Clean Up Effort Begins As Glastonbury Festival 2019 Ends
The party is over at Glastonbury Festival, so the lengthy clean up process must now begin.
An army of volunteers and staff are taking to the fields with bin liners and an iron will, to restore the site to tidiness.
Despite a load of pictures showing rubbish strewn fields, festival organisers and the recycling team think that things are remarkably positive after this year's edition.
Worthy Farm, near Pilton in Somerset, just hosted the world's largest greenfield festival and became home to around 200,000 people for much of last week.
Naturally, there's going to be quite a bit of stuff left behind, but so far - and it's early days - things look pretty good.
In fact, it could even turn out to be the cleanest Glasto yet with an estimated 1m fewer plastic bottles used after they were taken off sale by organisers.
The clean up army, which includes more than 1,000 people, will now spend as long as it takes returning the dairy farm to day-to-day reality.
In a statement, Glastonbury Festival told LADbible: "Our recycling team have confirmed that we've seen a massive reduction in the amount of plastic on the site this year - the least they've ever seen, by a distance.
"It's much too early for us to have exact stats on how much plastic has been/will be collected (note: there was never a ban on the public bringing their own plastic bottles on site this year) but we're incredibly pleased that we didn't sell any single-use plastic drinks bottles at Glastonbury 2019 after selling more than one million in 2017.
"All plastic and cans will be recycled by our on-site recycling centre (the biggest temporary recycling unit in Europe).
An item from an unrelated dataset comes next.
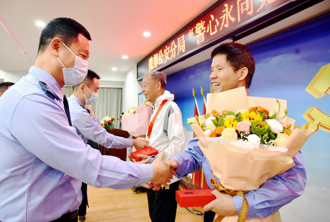 在熱烈的掌聲中,受到表彰的民警輔警上臺接受頒獎。

We recycled 44,000kg of plastic bottles in 2017 - they were used to make materials like fleece and carpets - and that will be substantially less this year."
Highlights of the 2019 festival included sets from Stormzy, Kylie Minogue, Lewis Capaldi and The Killers. Yesterday, naturalist, TV presenter and national treasure David Attenborough addressed the crowd and spoke about the need to reduce the environmental impact of the festival.
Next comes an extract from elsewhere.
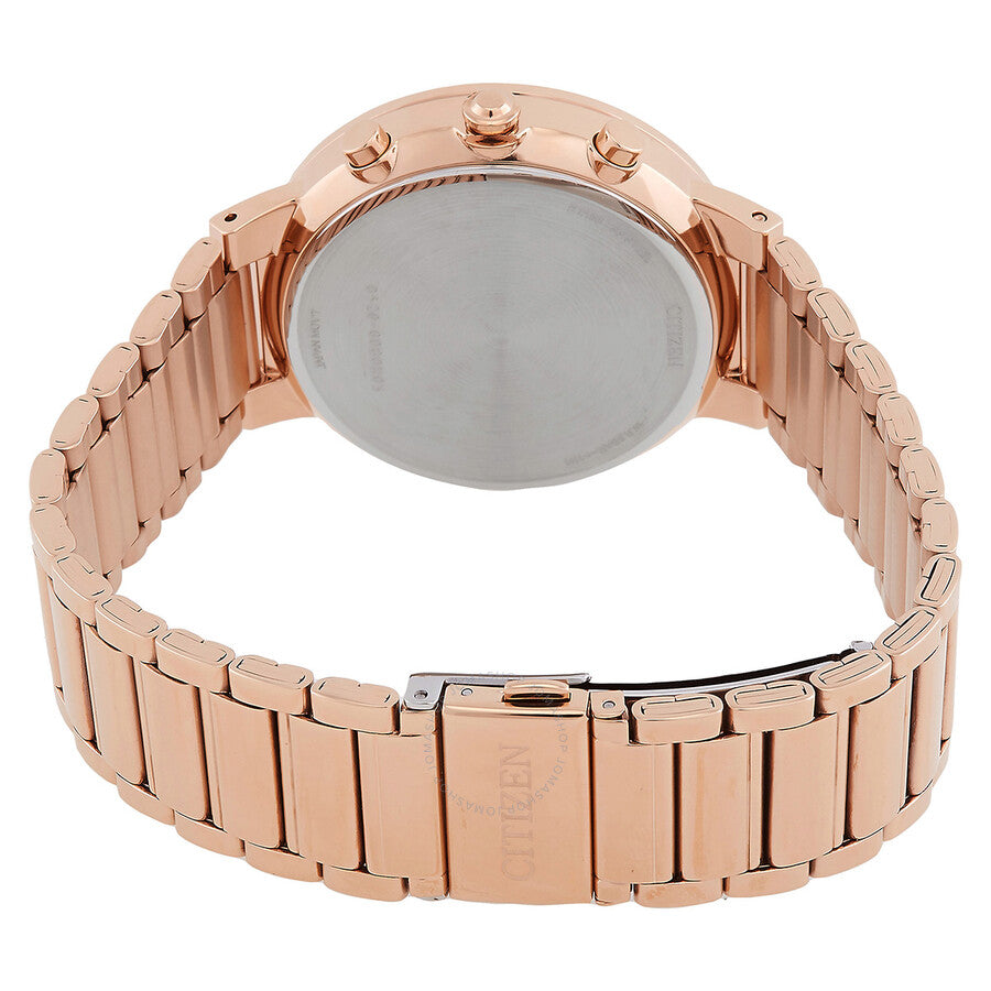 Rose gold IP stainless steel case and bracelet. Fixed rose gold IP stainless steel bezel. Green dial with rose gold-tone hands and index hour markers. Minute markers around the outer rim. Dial Type: Analog. Date display between 4 and 5 o'clock position. Chronograph - three sub-dials displaying: 60 second, 60 minute and 24 hour. Citizen Caliber 0520 quartz movement. Scratch resistant mineral crystal. Solid case back. Round case shape, case size: 42 mm. Fold over clasp with a safety release. Water resistant at 50 meters / 165 feet. Functions: chronograph, date, hour, minute, second. Sport watch style. Watch label: Japan Movt. Citizen Chronograph Quartz Green Dial Men's Watch AN8223-54X.

He told fans gathered at the Pyramid Stage: "Now this great festival has gone plastic-free.
"That means more than a million bottles of water have not been drunk by you in plastic. Thank you! Thank you!
"The ocean covers two-thirds of this planet of ours ... the land only covers one third of the globe. There are seven great continents on which we human beings live.
"Each of them has its own marvellous creatures - birds and mammals, animals of all kinds. Each of them has its own glory, each of them has its own problems."
Despite some mess being left behind, it looks as if the festival's 'Love The Farm, Leave No Trace' campaign has drastically reduced the amount of waste left behind.
Fantastic to see people are taking everything home with them. Leave no trace. Thank you Glastonbury! See you next year. RG pic.twitter.com/HPVZU1UKOI
- Glastonbury Live (@GlastoLive) July 1, 2019
The festival itself tweeted out yesterday: "If you're starting to think about packing up, then PLEASE take everything home with you. Let's leave this beautiful countryside in the state that it deserves."
In an interview with the Glastonbury Free Press yesterday, co-organiser Emily Eavis said: "We've made so many positive strides with our green campaigns this year.
"It's incredible to think that there will be one million fewer plastic bottles for the planet to deal with because we've stopped selling them."
"The most eye-opening part of the weekend for me was not seeing any plastic bottles in the bins or on the ground.
"I think people are really starting to understand how important it is to treat the land with respect, and to stop living a disposable lifestyle."